EXERCISE PROMPT
Word for word, reproduce the listing that follows, excluding any pictures it contains.

DATA SHOWN
········

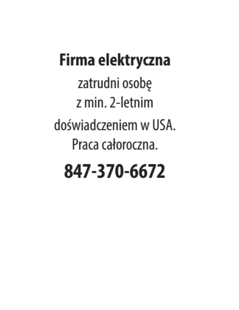 z min. 2-letnim doświadczeniem w USA. Praca całoroczna. 847-370-6672
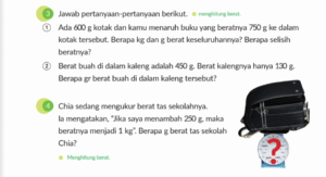“Ada 600 g kotak dan kamu menaruh buku yang beratnya 750 g. Berapa kg dan g berat keseluruhannya? Dan berapa selisih beratnya?”Penyelesaian:- Total berat = 600 g + 750 g = 1350 g
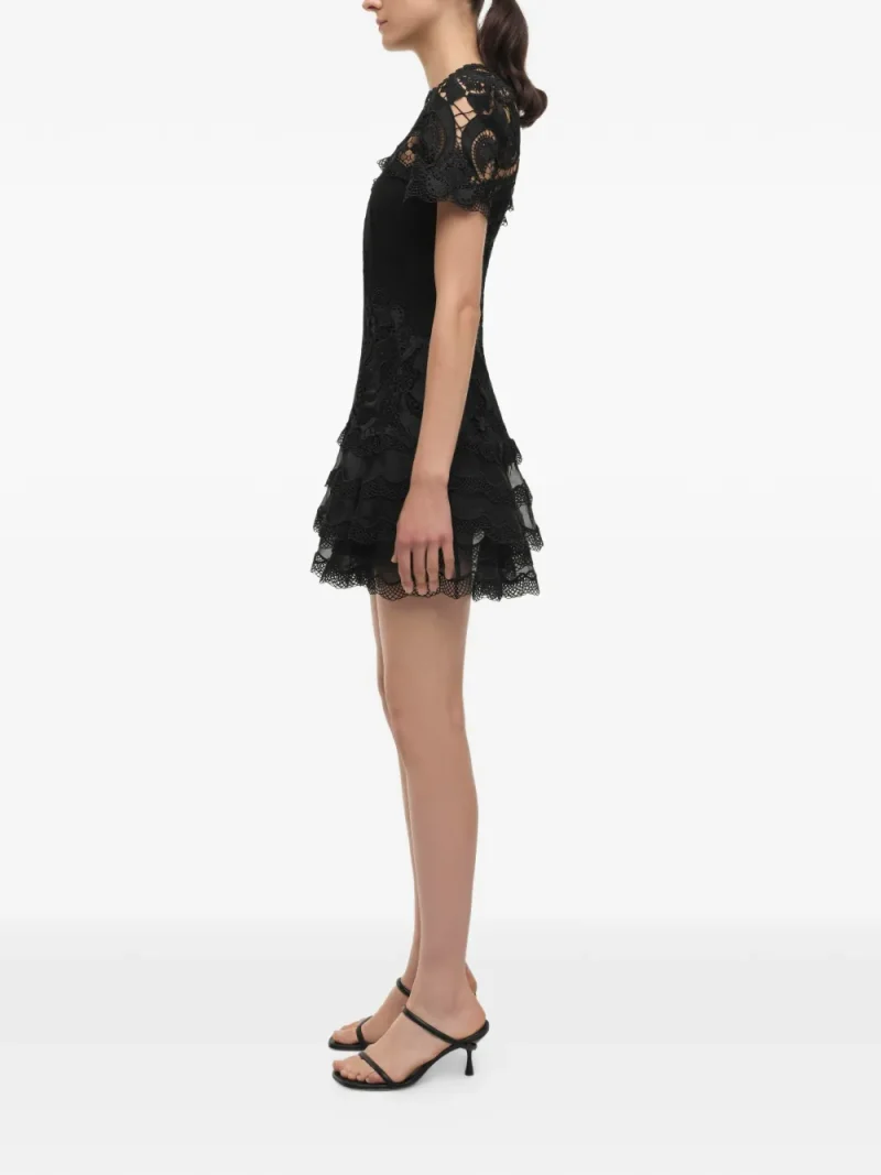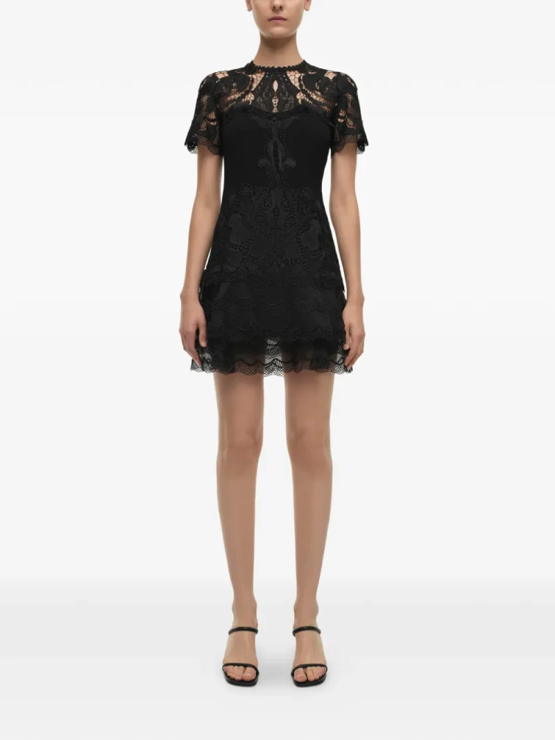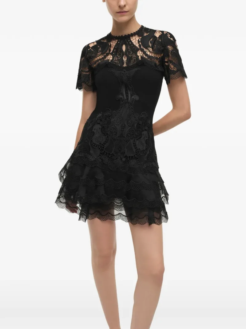 Rochie mini Simkhai Signature Paislee negru, cu guler rotund, inchidere cu fermoar ascuns la spate, maneci scurte, corset structurat, insertii din broderie pe toata suprafata, corset structurat, fusta evazata si tiv feston. 100% textil.

········

ANSWER TO THE EXERCISE
 z min. 2-letnim doświadczeniem w USA. Praca całoroczna. 847-370-6672
“Ada 600 g kotak dan kamu menaruh buku yang beratnya 750 g. Berapa kg dan g berat keseluruhannya? Dan berapa selisih beratnya?”Penyelesaian:- Total berat = 600 g + 750 g = 1350 g
 Rochie mini Simkhai Signature Paislee negru, cu guler rotund, inchidere cu fermoar ascuns la spate, maneci scurte, corset structurat, insertii din broderie pe toata suprafata, corset structurat, fusta evazata si tiv feston. 100% textil.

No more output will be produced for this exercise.